Judith Weisenfeld
On her book New World A-Coming: Black Religion and Racial Identity during the Great Migration
Cover Interview of April 18, 2017
history /
religion /
christianity /
race /
20th century /
islam /
judaism /
african americans /
black studies /
In a nutshell
New World A-Coming examines a set of religious movements founded in the early twentieth-century urban north whose members refused the racial category of Negro and rejected Christianity in favor of other identities. In the Moorish Science Temple and the Nation of Islam, members believed their true identities to be Asiatic Muslim, while members of Congregation Beth B’nai Abraham and the Commandment Keepers embraced Ethiopian Hebrew identity. In the Peace Mission movement, Father Divine’s followers believed him to be God and took up his call to reject race altogether.
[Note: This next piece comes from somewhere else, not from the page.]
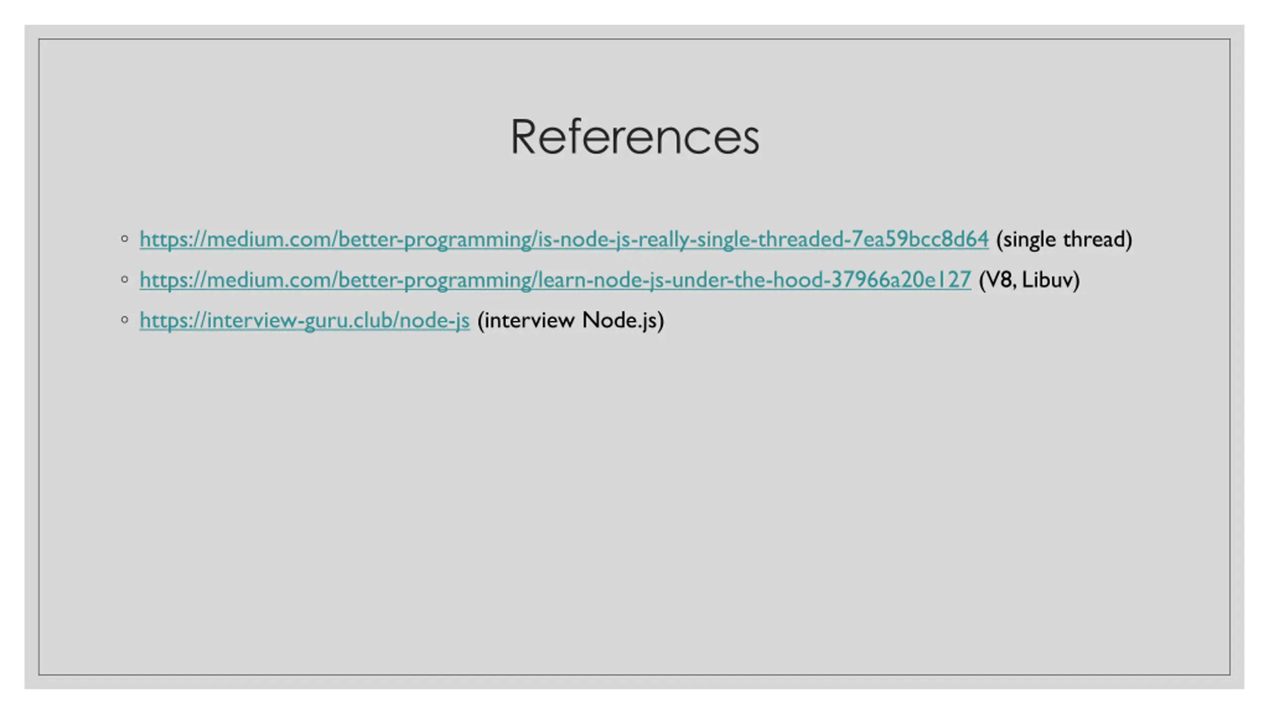 References https://medium.com/better-programming/is-node-js-really-single-threaded-7ea59bcc8d64 (single thread) https://medium.com/better-programming/learn-node-js-under-the-hood-37966a20e127 (V8, Libuv) https://interview-guru.club/node-js (interview Node.js)

I argue that what drew people to these movements was not only that they offered diverse religious options, but that in linking religious and racial identity, they provided new ways of thinking about black history and peoplehood.
These religio-racial movements, as I call them, emerged in the context of the large-scale migration of African Americans from the South to the cities of the North and the immigration of Blacks from the Caribbean to the U.S. The cultural creativity in black literature, visual arts, and music of the Great Migration era is well known, as is the political activism in movements like Jamaican immigrant Marcus Garvey’s Universal Negro Improvement Association. Religious creativity also marked the period, and charismatic leaders, some claiming status as prophets or divinities, captured the imaginations of black urbanites. These leaders’ preaching and teaching motivated many to transform how they understood their individual identities, collective histories, and imagined futures.
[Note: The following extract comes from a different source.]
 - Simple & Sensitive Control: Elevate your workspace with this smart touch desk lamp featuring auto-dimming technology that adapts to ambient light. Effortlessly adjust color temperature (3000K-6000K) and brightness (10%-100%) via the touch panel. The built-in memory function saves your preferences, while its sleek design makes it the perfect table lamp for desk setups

In addition to examining the religio-racial theologies and histories the leaders put forth, the book explores the question of how one transforms one’s identity. How did a black migrant from the South or an immigrant from the Caribbean detach from the identity of Negro once they came to believe that it was a false category produced in slavery and imposed on them? Through what means did they become what they believed they truly were, be it Asiatic Muslim, Ethiopian Hebrew, or raceless child of God? What were the stakes for them in doing so in a highly racialized society in which people of African descent had long invested in racial solidarity under the banner of Christianity to oppose racism and oppression?
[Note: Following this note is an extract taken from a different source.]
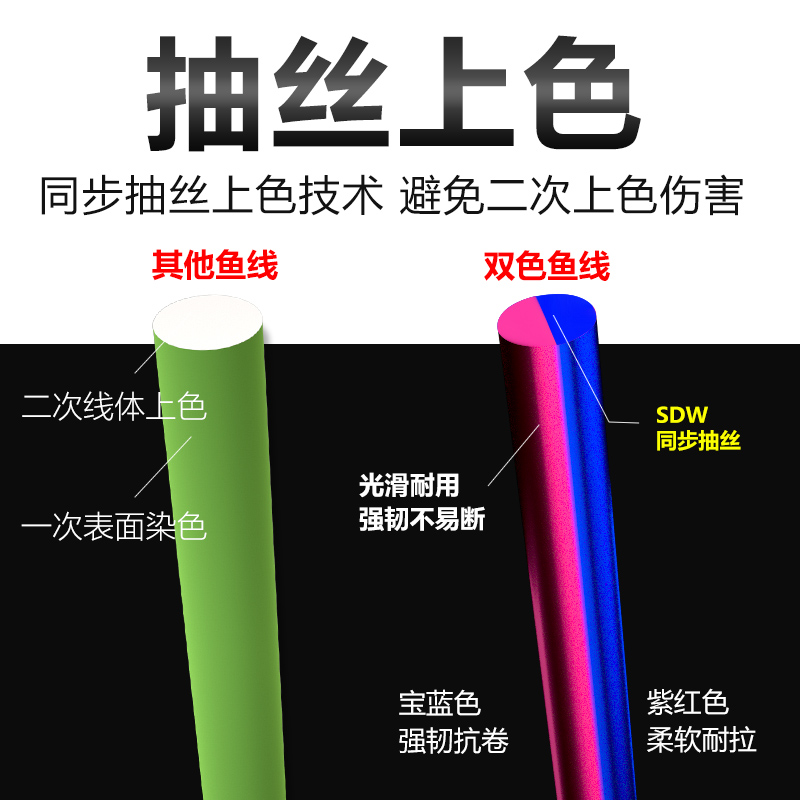 Fish multi-art nylon fish line 500 m Yin and Yang Two-color line imported ultra-strong pull sub-line main line Taiwan fishing line

In order to understand this process of transformation, I examine embodied practices members used to remake themselves, such as adopting new names, styles of dress, dietary practices, and approaches to health and healing they believed were appropriate to and required by their religio-racial identity. I also consider how participation in a religo-racial movement transformed members’ understandings of family, community, politics, space and place, and relationships to the world beyond the movement. The book explores the distinctive elements of each religio-racial movement while also offering a sense of the common practices and strategies members developed to become what they believed God had made them. For members, these were not practices that led to conversion, then, but reversion to a divinely ordained self.